Art. 15zc. 1. Z przyczyn związanych z przeciwdziałaniem COVID-19, orzeczenie o:
1) częściowej niezdolności do pracy,
2) całkowitej niezdolności do pracy,
3) całkowitej niezdolności do pracy i niezdolności do samodzielnej egzystencji,
4) niezdolności do samodzielnej egzystencji
– wydane na czas określony (…), którego ważność upływa w okresie obowiązywania stanu zagrożenia epidemicznego albo stanu epidemii albo w okresie 30 dni następujących po ich odwołaniu, zachowuje ważność przez okres kolejnych 3 od dnia upływu terminu jego ważności, w przypadku złożenia wniosku o ustalenie uprawnień do świadczednia na dalszy okres przed upływem terminu ważności tego orzeczenia.

I kto uważnie przeczytał powyższe, to pewnie zauważył gdzie znajduje się, skądinąd istotny błąd. Mianowicie brakuje dookreślenia na jaki dokładnie „okres kolejnych 3” zachowuje ważność np. orzeczenie o stopniu niezdolności do pracy. Czy miały to być 3 dni, miesiące a może lata?

Owszem, jest to projekt, pisany pod presją czasu oraz w niecodziennych warunkach. Niemniej jednak od racjonalnego ustawodawcy można chyba wymagać więcej. Ba, nawet trzeba ! Oby więc (nie)grzecznie i przy okazji wytknięty tutaj (pewnie nie tylko) błąd został wychwycony przed ogłoszeniem ustawy.

Poza tym, skoro już tytułem wpisu jest pytanie, to spróbuję na owe mimo wszystko odpowiedzieć. I tak, moim zdaniem przedłużenie ważności orzeczeń o niezdolności do pracy będzie obejmowało kolejne 3 miesiące od dnia upływu pierwotnego terminu jego ważności. Taki wniosek nasuwa mi się z porównania ww. ust. 1 z ust. 2 art. 15zc, który dotyczy z kolei przedłużenia ważności prawa do świadczenia rehabilitacyjnego i brzmi następująco:

Art. 15zc. 2. Z przyczyn związanych z przeciwdziałaniem COVID-19 orzeczenie o okolicznościach uzasadniających ustalenie uprawnień do świadczenia rehabilitacyjnego, (…), którego ważność upływa w okresie obowiązywania stanu zagrożenia epidemicznego albo stanu epidemii albo w okresie 30 dni następujących po ich odwołaniu, zachowuje ważność przez okres kolejnych 3 miesięcy od dnia upływu terminu ważności tego orzeczania, jednak nie dłużej niż przez okres, o którym mowa w art. 18 ust. 2 ustawy z dnia 25 czerwca 1999 r. o świadczeniach pieniężnych z ubezpieczenia społecznego w razie choroby i macierzyństwa, w przypadku złożenia wniosku o ustalenie uprawnień do świadczenia na dalszy okres, przed upływem terminu ważności tego orzeczenia.

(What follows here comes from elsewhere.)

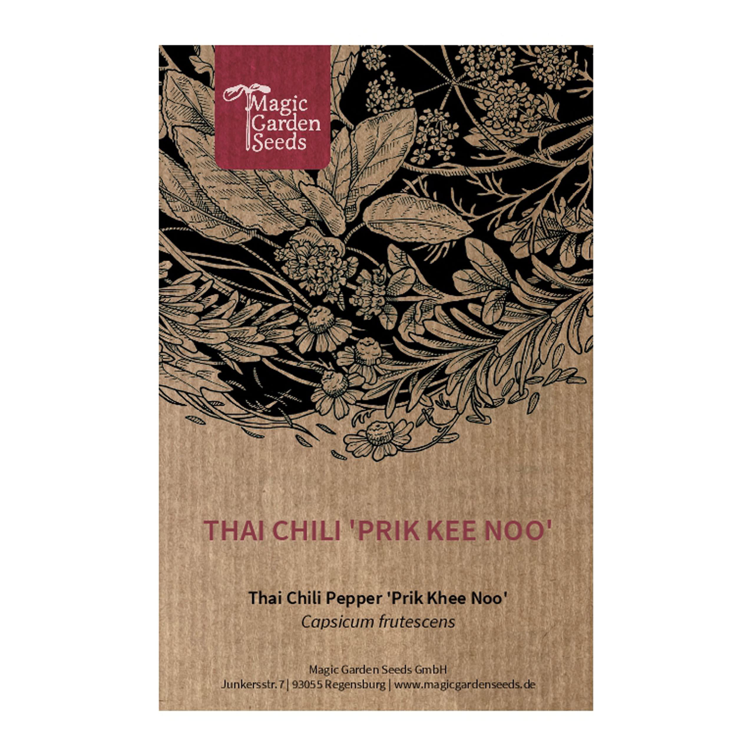 The so-called 'bird's eye chili' is quite typical of Thai cuisine. The small very hot chili peppers are used to flavor the curry pastes. From vegetables, herbs and medicinal plants to tree seeds or ethnobotanical rarities, in the Magic Garden Seeds range you will find seeds for unusual plants - traditional or exotic, particularly high-yielding or simply beautiful, time-tested or almost forgotten. All our seeds are completely reproducible. This means you can use them for growing and harvesting seeds. We do not have F1 hybrids or varieties produced by genetic engineering, but only original, seed-resistant seeds - a contribution to the diversity and biodiversity in the garden. Our seed packs each contain seed portions that you can use to start your own growing program. For very large seeds, such as pumpkin or cucumber seeds, the quantity is slightly smaller due to the greater space required.ABOUT US Magic Garden Seeds offers seeds from unusual plants - traditional or exotic - particularly productive or simply beautiful, time-tested or almost forgotten. SHELF LIFE The date on the seed bags is the filling date and not the expiration date. Depending on the plant species, seeds can be stored for one to many years. QUALITY The packaging may differ from the packaging in the photo. All are available in German and English. SEED STABLE VARIETIES High germination capacity, (no hybrid seed), one bag of seed per variety. Seed portion with approx. 10 seeds per packet. SEED The so-called 'bird's eye chili' is quite typical of Thai cuisine. The small very hot chili peppers are used to flavor the curry pastes.Thaise chilipeper 'Prik Kee Noo' (Capsicum frutescens) - ca. 10 zaden De zogenaamde 'bird's eye chili' is vrij typerend voor de Thaise keuken. De kleine zeer hete chilipepers worden gebruikt om de currypasta's op smaak te brengen. Van groenten, kruiden en medicinale planten tot boomzaden of etnobotanische zeldzaamheden, in het Magic Garden Seeds assortiment vindt u zaden voor ongewone planten - traditioneel of exotisch, bijzonder hoogproductief of gewoon mooi, beproefd of bijna vergeten. Al onze zaden zijn volledig reproduceerbaar. Dit betekent dat je ze kunt gebruiken voor het kweken en oogsten van zaden. Wij hebben geen F1 hybriden of soorten die door genetische manipulatie zijn geproduceerd, maar alleen originele, zaadresistente zaden - een bijdrage aan de diversiteit en biodiversiteit in de tuin. Onze zaadverpakkingen bevatten elk zaadporties die je kunt gebruiken om je eigen kweekprogramma te starten. Voor zeer grote zaden, zoals pompoen- of komkommerzaden, is de hoeveelheid iets kleiner vanwege de grotere benodigde ruimte.OVER ONS Magic Garden Seeds biedt zaden van ongewone planten - traditioneel of exotisch - bijzonder productief of gewoon mooi, vanouds beproefd of bijna vergeten. HOUDBAARHEID De datum op de zaadzakjes is de vuldatum en niet de houdbaarheidsdatum. Afhankelijk van de plantensoort kunnen zaden één tot vele jaren worden bewaard. KWALITEIT De verpakking kan afwijken van de verpakking op de foto. Alle zijn beschikbaar in het Duits en Engels. ZAADSTABIELE RASSEN Hoge kiemkracht, (geen hybride zaad), één zakje zaad per ras. Zaad portie met ca. 10 zaden per pakje. ZAAD De zogenaamde 'bird's eye chili' is vrij typerend voor de Thaise keuken. De kleine zeer hete chilipepers worden gebruikt om de currypasta's op smaak te brengen.
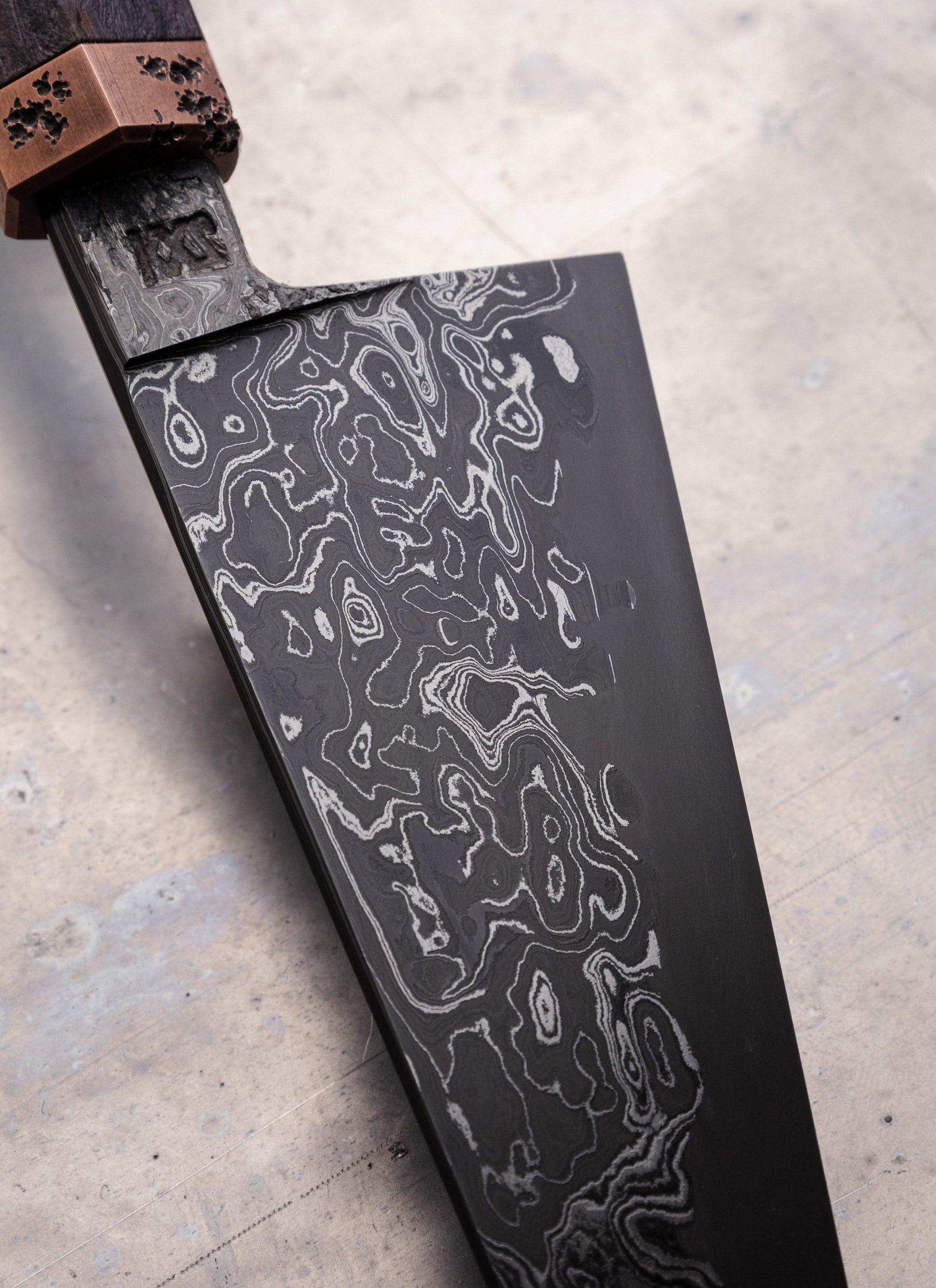 - Apex Ultra core with house-made carbon steel damascus cladding

Gdybym jednak się mylił, a ustawodawca przewidywał tylko 3 dni przedłużenia, to również bez obaw. W dalszej części ustawy przewiduje się, że Rada Ministrów może, w celu przeciwdziałania COVID-19, w drodze rozporządzenia, określać dłuższe okresy ważności orzeczeń, mając na względzie okres obowiązywania stanu zagrożenia epidemicznego lub stanu epidemii oraz skutki nimi wywołane.

A tak poza tym #zostanwdomu i #siedznadupie

Aktualizacja na dzień 18.03.2020r !

Błąd został wychwycony przez ustawodawcę. Przed pierwszym czytaniem projektu wpłynęła do Sejmu autopoprawka, która między innymi w tym zakresie dokonała zmian (było to 27.03.2020r). Orzeczenia zachowają ważność przez okres kolejnych 3 miesięcy od dnia upływu terminu jego ważności, czyli zgodnie z tym co przewidywałem wyżej we wpisie.